Getting an error while trying to drop rows in pandas - python

I have the following DataFrame:
fin_data[fin_data['Ticker']=='DNMR']
high low open close volume adj_close Ticker CUMLOGRET_1 PCTRET_1 CUMPCTRET_1 OBV EMA_5 EMA_10 EMA_20 VWMA_15 BBL_20_2.0 BBM_20_2.0 BBU_20_2.0 RSI_14 PVT MACD_10_20_9 MACDh_10_20_9 MACDs_10_20_9 VOLUME_SMA_10 NAV Status Premium_over_NAV
date
2020-05-28 4.700000 4.700000 4.700000 4.700000 100.0 4.700000 DNMR NaN NaN NaN 100.0 NaN NaN NaN NaN NaN NaN NaN NaN NaN NaN NaN NaN NaN 10 Completed -0.530
2020-05-29 4.700000 4.700000 4.700000 4.700000 0.0 4.700000 DNMR 0.000000 0.000000 0.000000 100.0 NaN NaN NaN NaN NaN NaN NaN NaN 0.000000e+00 NaN NaN NaN NaN 10 Completed -0.530
2020-06-01 9.660000 9.630000 9.630000 9.660000 2000.0 9.660000 DNMR 0.720431 1.055319 1.055319 2100.0 NaN NaN NaN NaN NaN NaN NaN 100.000000 2.110638e+05 NaN NaN NaN NaN 10 Completed -0.034
2020-06-02 9.660000 9.650000 9.650000 9.660000 60020 9.660000 DNMR 0.720431 0.000000 1.055319 2100.0 NaN NaN NaN NaN NaN NaN NaN 100.000000 2.110638e+05 NaN NaN NaN NaN 10 Completed -0.034
2020-06-03 9.720000 9.630000 9.720000 9.630000 1100.0 9.630000 DNMR 0.717321 -0.003106 1.052214 1000.0 7.670000 NaN NaN NaN NaN NaN NaN 99.303423 2.107222e+05 NaN NaN NaN NaN 10 Completed -0.037
I'd like to either drop the first two rows where the close price is 4.70 or replace 4.70 by 9.66.
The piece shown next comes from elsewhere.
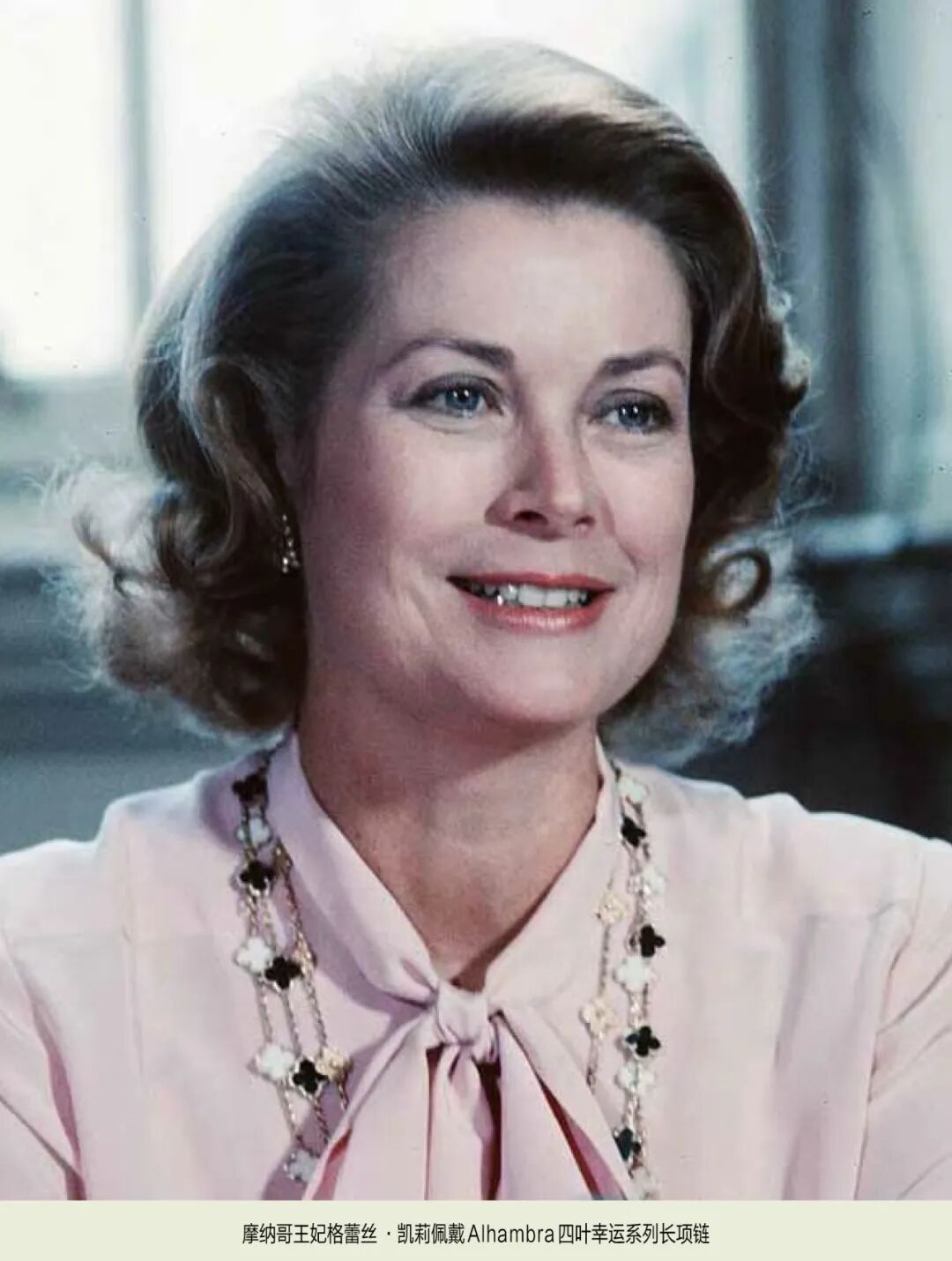 1968年,梵克雅宝推出首款Alhambra系列长项链,灵感就来源于四叶草,由20枚带黄K金褶边的四叶幸运主题图案组成,并以打磨圆润的金色圆珠饰边,一经推出便大获成功,这种适合于日常佩戴的珠宝,受到了当时的名流人士的追捧。摩纳哥王妃格蕾丝·凯莉经常在公开场合和私人宴会将各种不同的宝石与材质的Alhambra长项链组合叠戴,搭配丝质衬衫等日常服装,打造出简约而不失优雅的独特风格。

In order to drop the rows I tried this but it's giving me an error:
fin_data.drop(fin_data[fin_data['Ticker']=='DNMR'],axis=0,inplace=True)
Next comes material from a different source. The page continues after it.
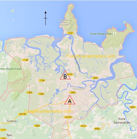 From the Feng Shui point of view, you will see that Kuching is surrounded by a network of rivers. The main river that divide the city into 2 half is the Sarawak River. The part labeled A is more prosperous and was firstly developed. The part B is more recent and quiet area mainly comprising of Government administration buildings.
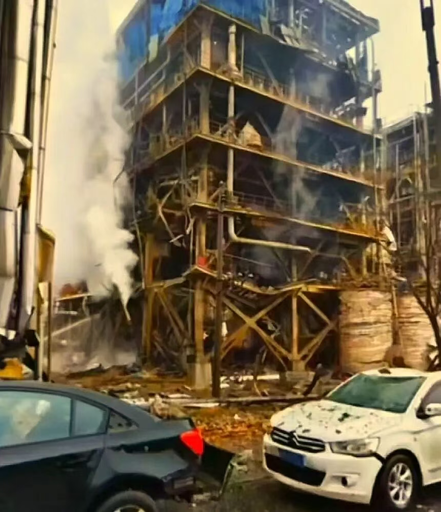 现场情况:有居民反映事故发生时传出巨响,爆炸导致周边部分村庄房屋的玻璃被震碎。网传视频也显示现场有建筑构件严重变形、外墙扭曲、瓦砾散落,并有停靠附近的车辆被压毁。

KeyError: "['high' 'low' 'open' 'close' 'volume' 'adj_close' 'Ticker' 'CUMLOGRET_1'\n 'PCTRET_1' 'CUMPCTRET_1' 'OBV' 'EMA_5' 'EMA_10' 'EMA_20' 'VWMA_15'\n 'BBL_20_2.0' 'BBM_20_2.0' 'BBU_20_2.0' 'RSI_14' 'PVT' 'MACD_10_20_9'\n 'MACDh_10_20_9' 'MACDs_10_20_9' 'VOLUME_SMA_10' 'NAV' 'Status'\n 'Premium_over_NAV'] not found in axis"
Then I tried replace the 4.70 values but even though the code executed without an error the DataFrame is unchanged.
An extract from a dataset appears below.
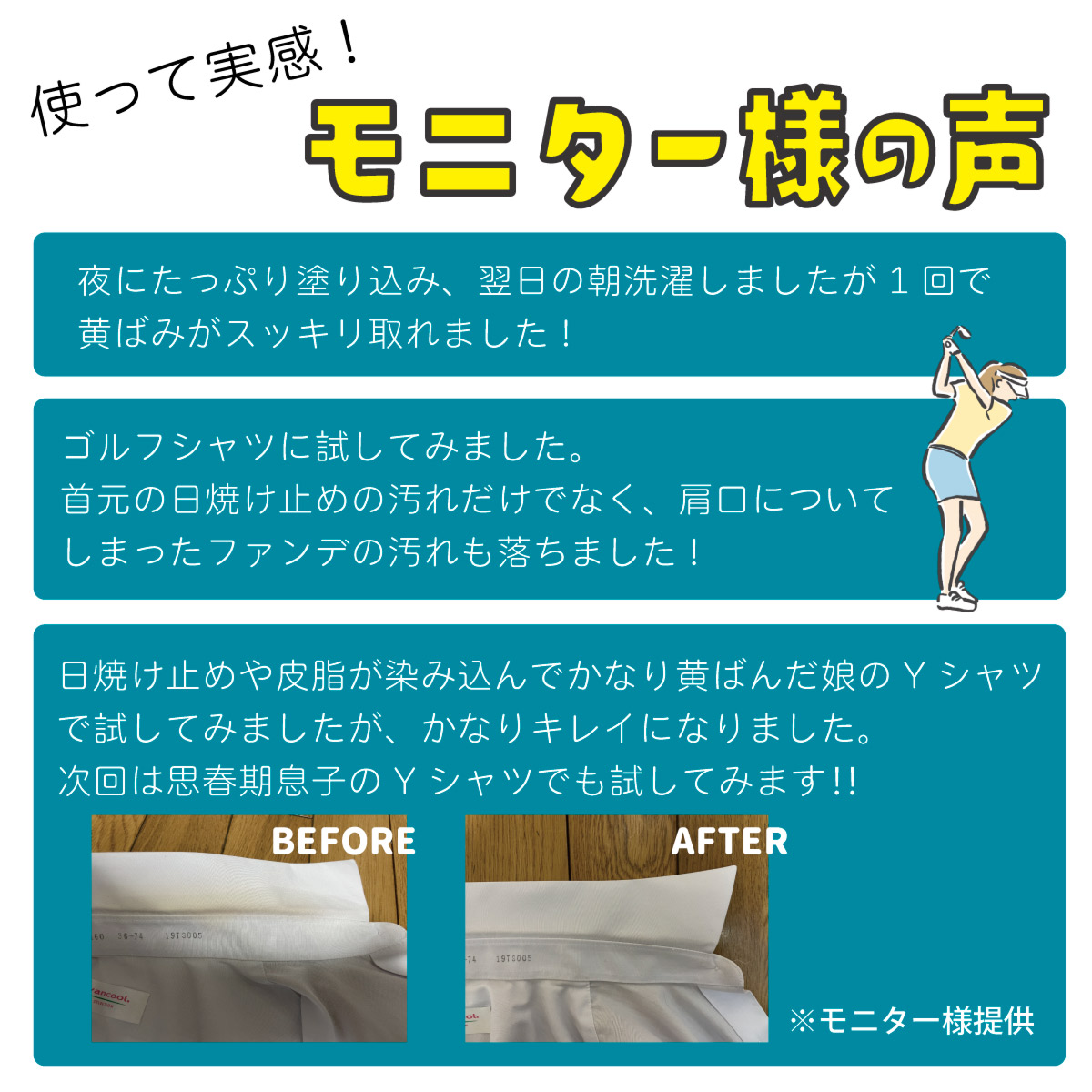 特に制服やポロシャツ、Yシャツなど、毎日使用する衣類の汗や皮脂の汚れ、UV効果の高い日焼け止めによる黄ばみを効果的に落とします。

fin_data.loc[fin_data['Ticker']=='DNMR','adj_close'][0:2] = 9.66
Please note that I don't want to delete the data for those two dates (2020-05-28 and 2020-5-29) for other Tickers in the database but just for this one ('DNMR')
Thanks.

you are using it wrong, to drop the rows in question (or actually select the opposite ones) you should do
fin_data = fin_data[(find_data['Ticker'] == 'DNMR']) & (fin_data['close'] == 4.7)]

to point out something about your drop-issue:
the drop() method expects "single label or list-like Index or column labels to drop" (DataFrame.drop) so this would work (notice the .index after the subset)
df
a b c d
0 10 8 3 5
1 5 5 3 1
2 2 2 8 6
df.drop(df[df["a"]== 10].index, axis= 0, inplace= True)
df
a b c d
1 5 5 3 1
2 2 2 8 6
BUT, if you have dates as indexes and there are multiple rows with the same dates, you would also drop those.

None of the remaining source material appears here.